Could you copy exactly the lines below from the one with "Signed Nicholas Abruzzese" to the one with "On the other", inclusive, leaving out any pictures?

**** RECORDS FOR PROCESSING

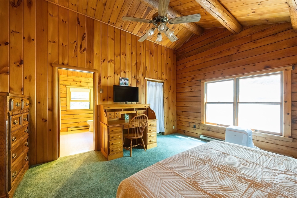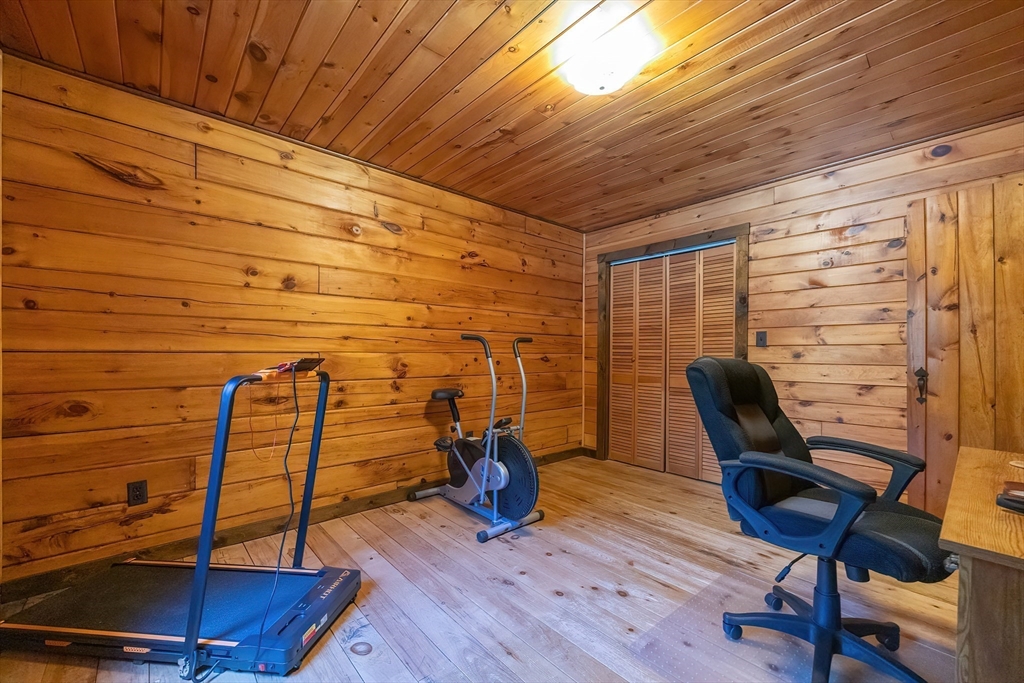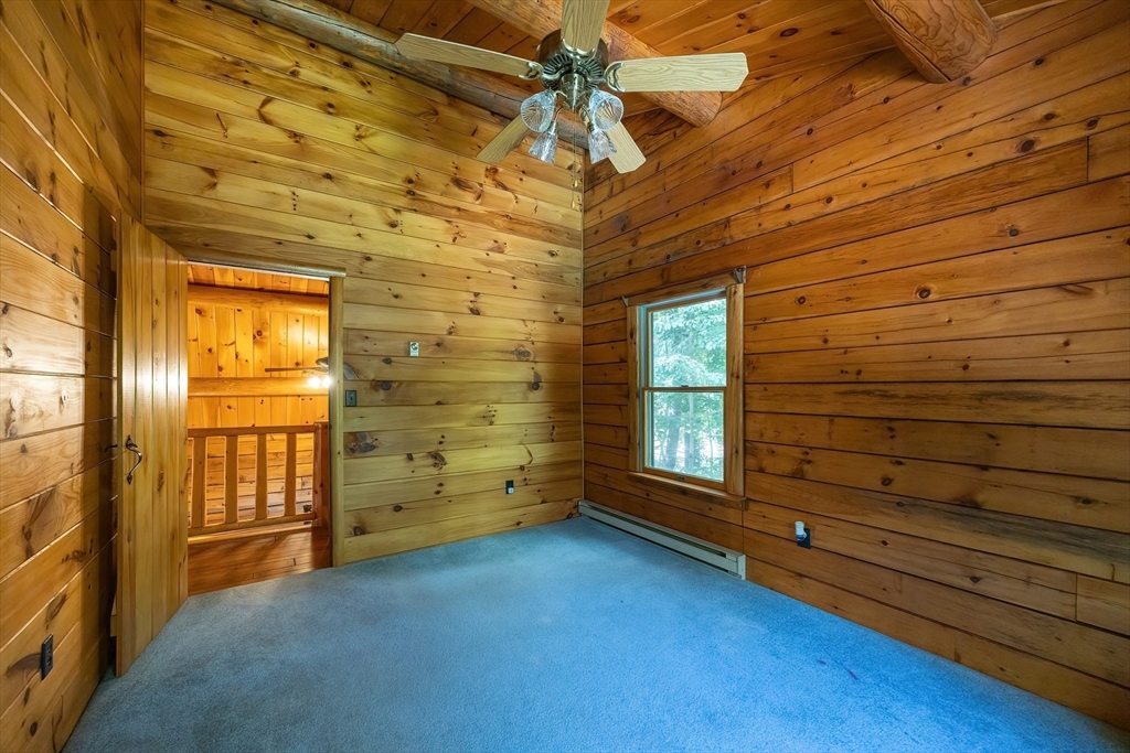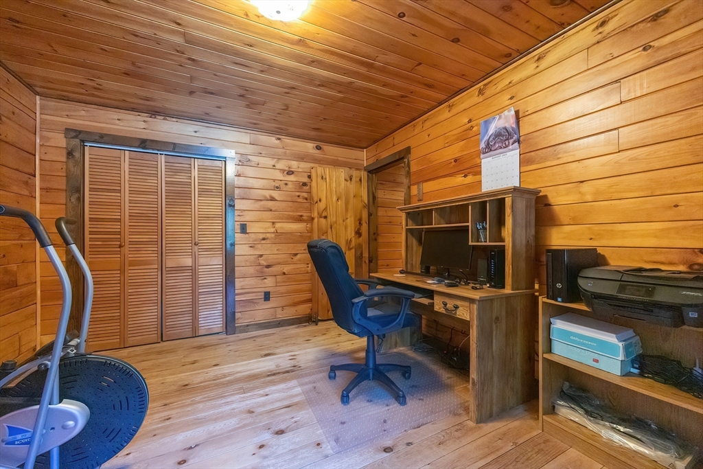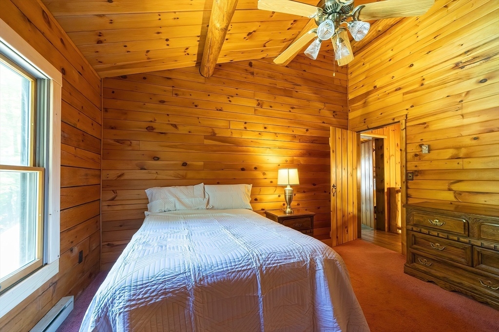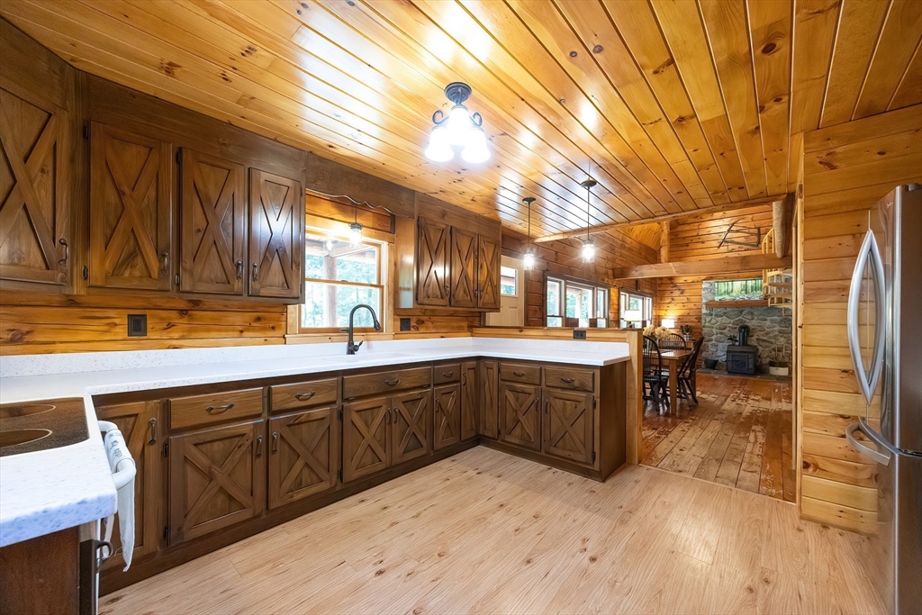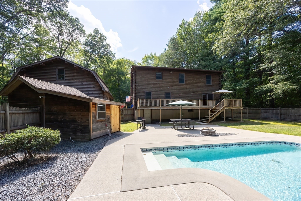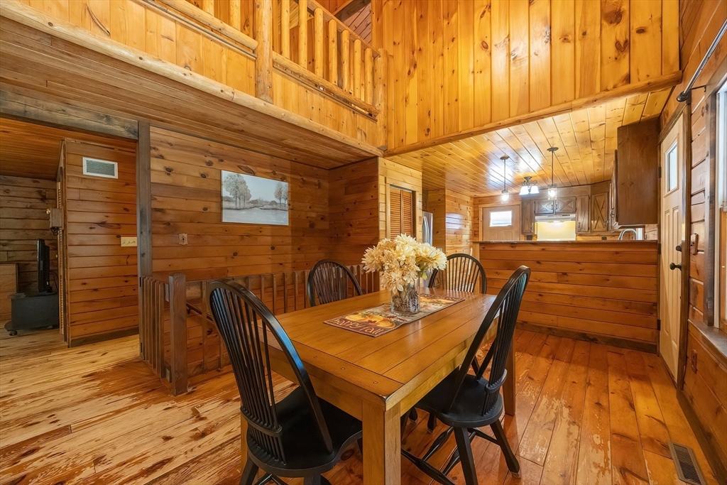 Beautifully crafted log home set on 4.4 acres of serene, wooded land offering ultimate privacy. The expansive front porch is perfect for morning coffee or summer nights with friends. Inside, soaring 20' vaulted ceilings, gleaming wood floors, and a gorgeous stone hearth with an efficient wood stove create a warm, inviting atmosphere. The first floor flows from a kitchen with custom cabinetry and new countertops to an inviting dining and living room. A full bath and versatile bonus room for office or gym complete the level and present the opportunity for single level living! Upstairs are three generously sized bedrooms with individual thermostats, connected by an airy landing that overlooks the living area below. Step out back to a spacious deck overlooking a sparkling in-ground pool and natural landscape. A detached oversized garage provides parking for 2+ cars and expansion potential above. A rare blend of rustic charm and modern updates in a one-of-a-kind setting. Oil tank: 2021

********
**** RECORDS FOR PROCESSING

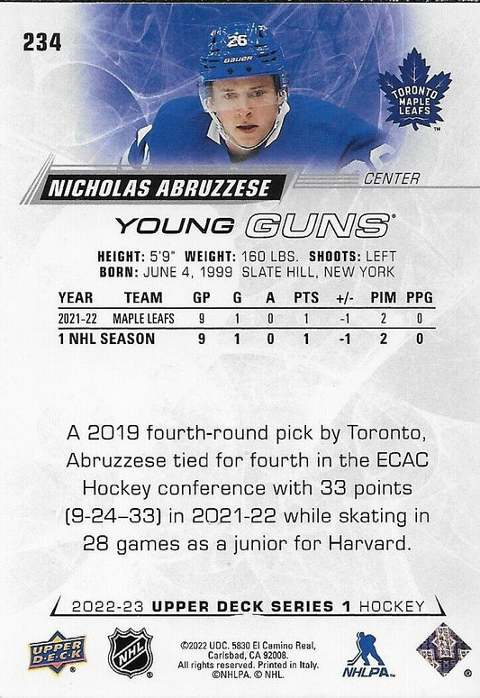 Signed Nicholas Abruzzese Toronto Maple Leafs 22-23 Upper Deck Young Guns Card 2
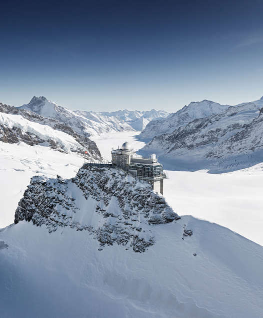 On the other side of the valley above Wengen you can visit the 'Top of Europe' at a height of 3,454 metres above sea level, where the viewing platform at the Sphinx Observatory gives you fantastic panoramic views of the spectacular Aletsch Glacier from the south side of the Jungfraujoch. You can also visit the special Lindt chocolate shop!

********
**** RECORDS FOR PROCESSING

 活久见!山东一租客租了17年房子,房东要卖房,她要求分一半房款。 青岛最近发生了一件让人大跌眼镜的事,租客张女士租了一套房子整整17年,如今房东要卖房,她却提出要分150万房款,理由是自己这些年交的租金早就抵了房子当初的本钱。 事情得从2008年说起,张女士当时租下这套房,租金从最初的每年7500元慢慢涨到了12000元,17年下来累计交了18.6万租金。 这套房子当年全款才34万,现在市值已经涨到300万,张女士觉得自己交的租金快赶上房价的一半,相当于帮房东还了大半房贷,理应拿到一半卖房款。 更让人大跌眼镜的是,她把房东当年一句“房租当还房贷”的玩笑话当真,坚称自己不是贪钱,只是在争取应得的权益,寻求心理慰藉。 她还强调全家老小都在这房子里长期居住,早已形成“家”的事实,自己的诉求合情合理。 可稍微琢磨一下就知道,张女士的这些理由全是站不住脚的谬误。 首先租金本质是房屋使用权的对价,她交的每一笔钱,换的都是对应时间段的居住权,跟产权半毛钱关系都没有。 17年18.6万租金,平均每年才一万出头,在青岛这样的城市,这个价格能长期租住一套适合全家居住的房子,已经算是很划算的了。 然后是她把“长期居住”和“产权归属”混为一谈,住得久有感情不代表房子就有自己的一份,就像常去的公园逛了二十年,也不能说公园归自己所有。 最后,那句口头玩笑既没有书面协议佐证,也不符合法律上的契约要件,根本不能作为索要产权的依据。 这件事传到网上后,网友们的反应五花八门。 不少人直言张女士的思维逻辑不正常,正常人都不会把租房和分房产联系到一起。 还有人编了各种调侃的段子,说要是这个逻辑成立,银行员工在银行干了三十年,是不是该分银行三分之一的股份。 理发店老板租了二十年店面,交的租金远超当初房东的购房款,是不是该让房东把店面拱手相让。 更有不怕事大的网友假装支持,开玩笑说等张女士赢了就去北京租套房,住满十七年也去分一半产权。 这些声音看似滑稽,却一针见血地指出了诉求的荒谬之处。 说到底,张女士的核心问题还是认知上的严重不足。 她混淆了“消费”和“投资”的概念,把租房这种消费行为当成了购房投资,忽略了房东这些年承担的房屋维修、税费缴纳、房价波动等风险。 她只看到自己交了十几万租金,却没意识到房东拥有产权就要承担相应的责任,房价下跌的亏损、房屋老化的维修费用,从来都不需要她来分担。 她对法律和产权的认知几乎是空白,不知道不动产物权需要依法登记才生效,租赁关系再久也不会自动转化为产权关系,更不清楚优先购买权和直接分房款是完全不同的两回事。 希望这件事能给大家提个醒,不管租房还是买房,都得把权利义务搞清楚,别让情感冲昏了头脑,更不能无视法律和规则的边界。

********

• SOLUTION FOR THIS PROBLEM:
 Signed Nicholas Abruzzese Toronto Maple Leafs 22-23 Upper Deck Young Guns Card 2
 On the other side of the valley above Wengen you can visit the 'Top of Europe' at a height of 3,454 metres above sea level, where the viewing platform at the Sphinx Observatory gives you fantastic panoramic views of the spectacular Aletsch Glacier from the south side of the Jungfraujoch. You can also visit the special Lindt chocolate shop!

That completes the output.